▶ _WHAT IS EXPECTED_: The material below holds pictures; leave them out and reproduce exactly the lines from the one with "Güggel und ein" through the one with "北京时间7月9日,俱乐部友谊", inclusive.

▶ _DATA LISTING_:
····················
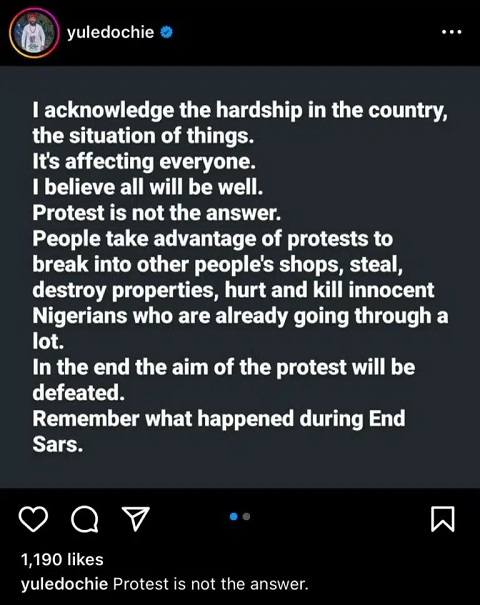“I acknowledge the hardships. Protest is not the answer. People take advantage of protests to break into other people’s shops, steal, destroy properties, hurt and kill innocent Nigerians who are already going through a lot. In the end, the aim of the protest will be defeated. Remember what happened during End Sars.”
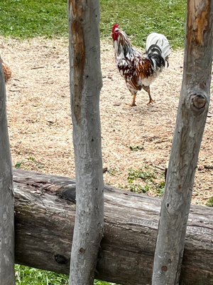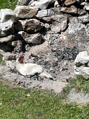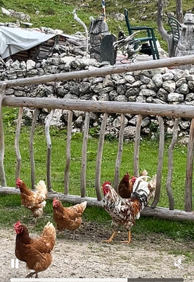 Güggel und ein Huhn geben am Nachmittag ein Duett und etwa 5 Minuten später kommt die ganze Hühnerschar und sie wandern gemeinsam an einen anderen Ort. Am Nachmittag ist es ruhig da Regen
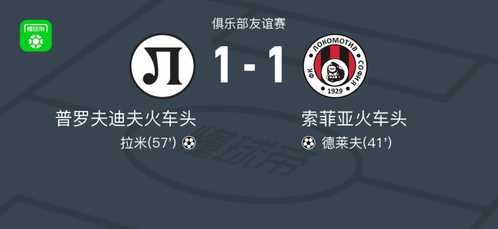 北京时间7月9日,俱乐部友谊赛展开角逐,普罗夫迪夫火车头迎战索菲亚火车头。比赛中,普罗夫迪夫火车头球员拉米成功破门,为球队取得进球。索菲亚火车头方面,球员德莱夫也攻入一球。最终双方以1比1握手言和。
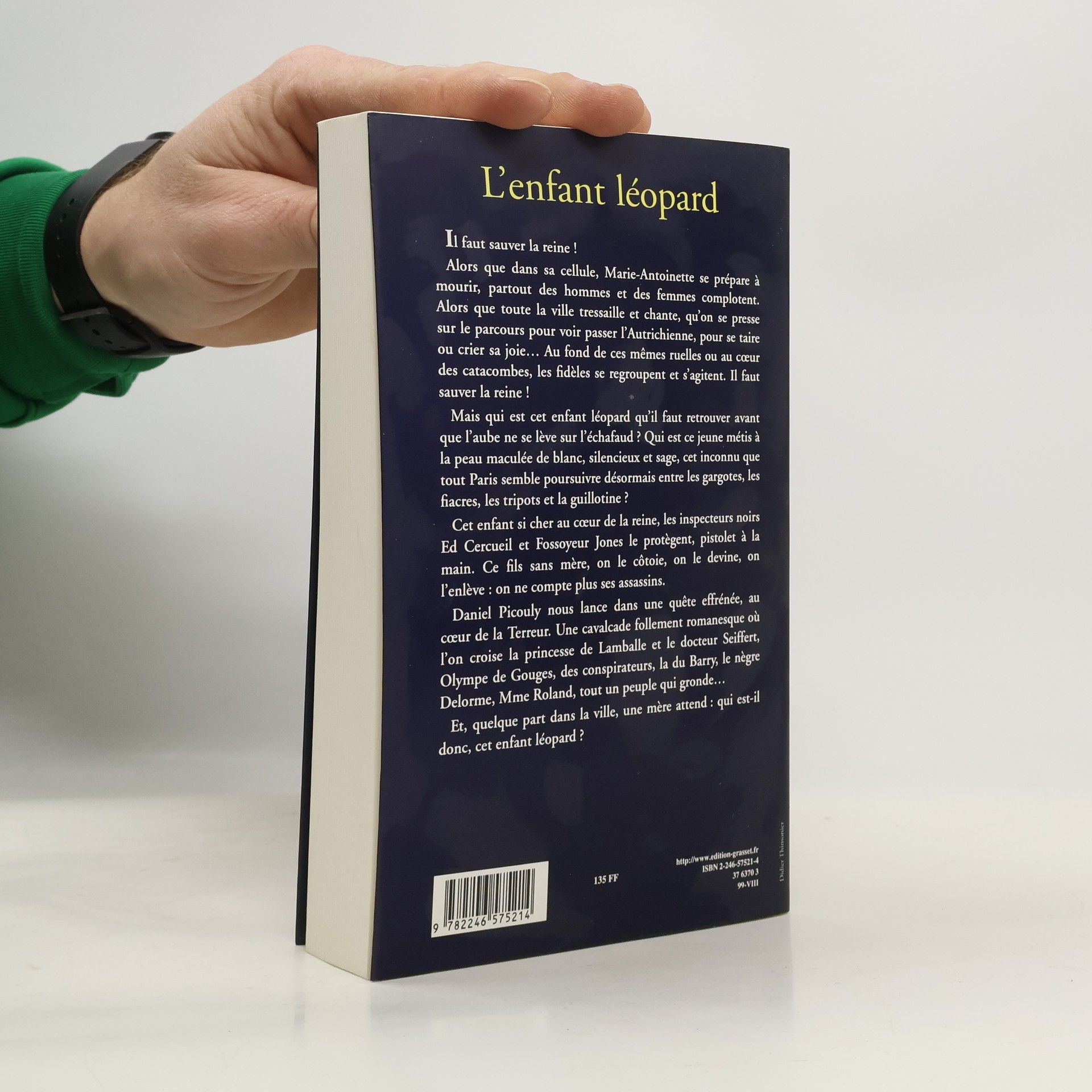 Il faut sauver la reine ! Alors que dans sa cellule, Marie-Antoinette se prépare a mourir, partout des hommes et des femmes complotent. Alors que toute la ville tressaille et chante, qu'on se presse sur le parcours pour voir passer l'Autrichienne, Pour se taire ou crier sa joie... Au fond de ces mêmes ruelles ou au cœur des catacombes, les fidèles se regroupent et s'agitent. Il faut sauver la reine ! Mais qui est cet enfant léopard qu'il faut retrouver avant que l'aube ne se lève sur l'échafaud ? Qui est ce jeune métis à la peau maculée de blanc, silencieux et sage, cet inconnu que tout Paris semble poursuivre désormais entre les gargotes, les fiacres, les tripots et la guillotine ? Cet enfant si cher au cœur de la reine, les inspecteurs noirs Ed Cercueil et Fossoyeur Jones le protègent, pistolet à la main. Ce fils sans mère, on le côtoie, on le devine, on l'enlève : on ne compte plus ses assassins. Daniel Picouly nous lance dans une quête effrénée, au cœur de la Terreur. Une cavalcade follement romanesque où l'on croise la princesse de Lamballe et le docteur Seiffert, Olympe de Gouges, des conspirateurs, la du Barry, le nègre Delorme, Mme Roland, tout un peuple qui gronde... Et, quelque part dans la ville, une mère attend : qui est-il donc, cet enfant léopard ?
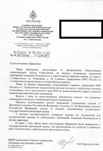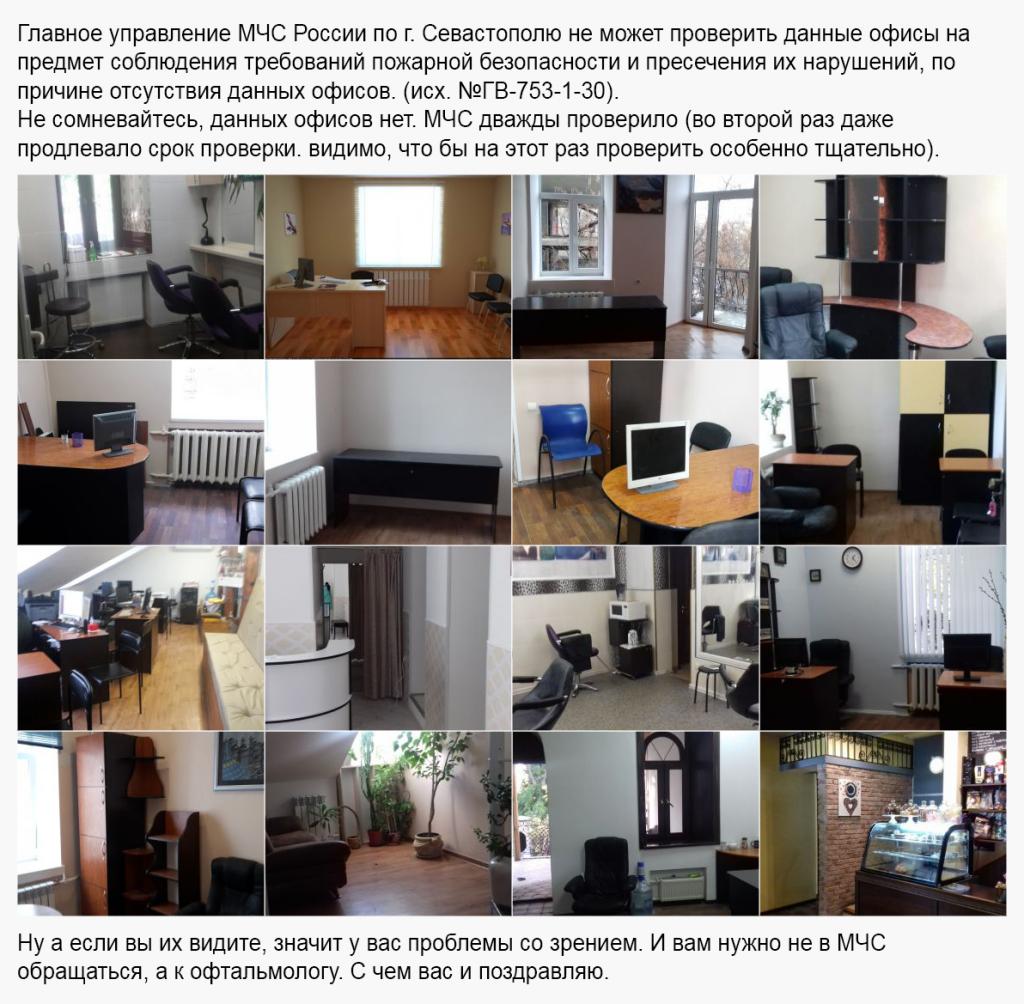 Однако МЧС снова отказалось от проверки данных офисных и производственных помещений, вновь заявив, что никаких офисов по данному адресу ему обнаружить не удалось. Дословная цитата из ответа МЧС: "...установлено, что по адресу: г. Севастополь, ул. Очаковцев, 34 расположен двухэтажный жилой дом, а указанные в ранее направленных обращениях помещения, являются жилыми квартирами".
····················
▶ _REPLY TO THE EXERCISE_:
 Güggel und ein Huhn geben am Nachmittag ein Duett und etwa 5 Minuten später kommt die ganze Hühnerschar und sie wandern gemeinsam an einen anderen Ort. Am Nachmittag ist es ruhig da Regen
 北京时间7月9日,俱乐部友谊赛展开角逐,普罗夫迪夫火车头迎战索菲亚火车头。比赛中,普罗夫迪夫火车头球员拉米成功破门,为球队取得进球。索菲亚火车头方面,球员德莱夫也攻入一球。最终双方以1比1握手言和。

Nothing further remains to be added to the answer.